Communal Studies Conferences and Grants

By January 17, 2019

Matthew J. Grow is Director of the Publications Division in the Church History Department and a general editor of the Joseph Smith Papers. He is currently President of the Communal Studies Association. 

I am excited to let the Juvenile Instructor community know about two upcoming communal studies conferences as well as two opportunities for grants and two sets of awards/paper contests.

The main scholarly organization for the study of communal groups and intentional communities—past and present—in the United States is the Communal Studies Association. CSA conferences are held annually, often at the site of a historic communal group. I have found the CSA to be a very welcoming and interesting group of scholars, and there are generally several presentations on Latter-day Saint history. For some thoughts on the connections between communal studies and Latter-day Saint history, see here.

This year’s CSA conference will be held at the Winterthur Museum, Garden, and Library in Winterthur, Delaware, October 17-19, 2019. The opportunity to visit the Winterthur—a premier site for the study of early American material culture—makes this year’s conference particularly exciting. The theme for the conference is “Space, Place, and the Spirit of Material Culture.” Papers on other themes are also welcome. It would be great to have papers on Latter-day Saint material culture, architecture, history, etc. Details of the conference can be found here.

In addition, a separate scholarly organization—the International Communal Studies Association—holds conferences every three years, generally overseas. This year’s conference will be at the Camphill Communities in upstate New York, July 18-21, 2019. The theme of the conference is “Diversity and Inclusion in Intentional Communities.” You can find more information here.

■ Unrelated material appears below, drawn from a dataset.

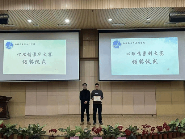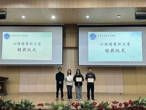 为深化心理健康教育内涵,创新思政育人形式,通过戏剧表演的形式,引导学生关注心理健康,传递积极向上的价值观,促进学生的全面发展。3月27日,beat365平台官方网站在国际教育大厦三楼报告厅举办“‘剧’焦青春,演绎成长”心理情景剧大赛。校党委学生工作部心理健康教育服务中心闫孟婕、学院心理健康专干范佳薇、辅导员周丽茹、研究生代表杨天奇担任评委,学生代表200余人参与。

The CSA also offers an annual research fellowship ($1600, applications due March 1) and several awards, including one for a starting scholar (last year, the winning article was Erik Freeman’s “‘True Christianity’: The Flowering and Fading of Mormonism and Romantic Socialism in Nineteenth-Century France,” published in the Journal of Mormon History). Finally, the Center for Communal Studies at the University of Southern Indiana has an annual prize competition for the “best undergraduate and graduate student papers on historic or contemporary communal groups, intentional communities and utopias.” The deadline is March 1 and the prizes are $250 and $500.